Babchenko’s house had run out of bread and he had gone to the shops to buy some, Gerashchenko said. He was gunned down on Tuesday by someone waiting for him in the stairwell at the entrance to his home. He was shot him in the back several times.
“Today in Kiev on the threshold of the apartment where he lived, famous Russian journalist Arkady Babchenko was shot and killed, a consistent opponent of the Putin regime and a friend of Ukraine.”
In a statement, the Russian foreign ministry said journalists were being killed with impunity in Ukraine.
“Bloody crimes and total impunity have become routine for the Kiev regime. We demand that the Ukrainian authorities make every effort to promptly investigate,” it said on Facebook.
The Investigative Committee of Russia said it had opened a criminal case into Babchenko’s death.
Babchenko took part in the war in Chechnya as a soldier. He then he became a war reporter for several Russian newspapers. On Feb. 27 last year, he wrote on Facebook that he had left Russia.
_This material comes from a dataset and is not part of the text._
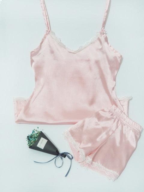 Women Pajama sets Sexy Deep V-neck Lace nightgown Adult Sleepwear
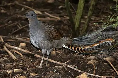 The varying vegetation, climates, rivers and landforms in the park have created an area rich in habitats for native animals. A study was conducted in 1996 on the fauna found at the Cathedral Range State Park. The finding of this study was that the park is home to seventeen native mammals, eight reptiles, one amphibian, one fish and eighty-seven native birds.[18] Common animals observed in the park include the common wombat (Vombatus ursinus), eastern grey kangaroo (Macropus giganteus), the superb lyrebird (Menura novaehollandiae), peregrine falcon (Falco peregrinus) and satin bowerbird (Ptilonorhynchus violaceus).[3] Mountain galaxias (Galaxias olidus), a native freshwater fish,[19] was observed in the Little River just before the Little River falls.[18] It is thought that these falls act as a barrier to trout, one of the major predators of the Mountain Galaxias.[3] There have also been occasional sightings of the platypus (Ornithorhynchus anatinus) in the Little River.[3]

He reported on Russia sending private military contractors to Syria and the downing of Malaysia Airlines Flight MH-17 in July 2014 in eastern Ukraine, for which investigators last week held the Russian state responsible. Russian authorities again denied any connection with the plane’s downing over an area of Ukraine held by pro-Russian separatist forces.
In his last Facebook post before he was killed, Babchenko recalled an incident four years ago when he was meant to fly in a Ukrainian military helicopter in Ukraine’s embattled Donbass region. The helicopter was overloaded and he was not permitted to fly. It was shot down and 14 people on board were killed.
“And I was lucky. Second birthday, it turns out,” he wrote.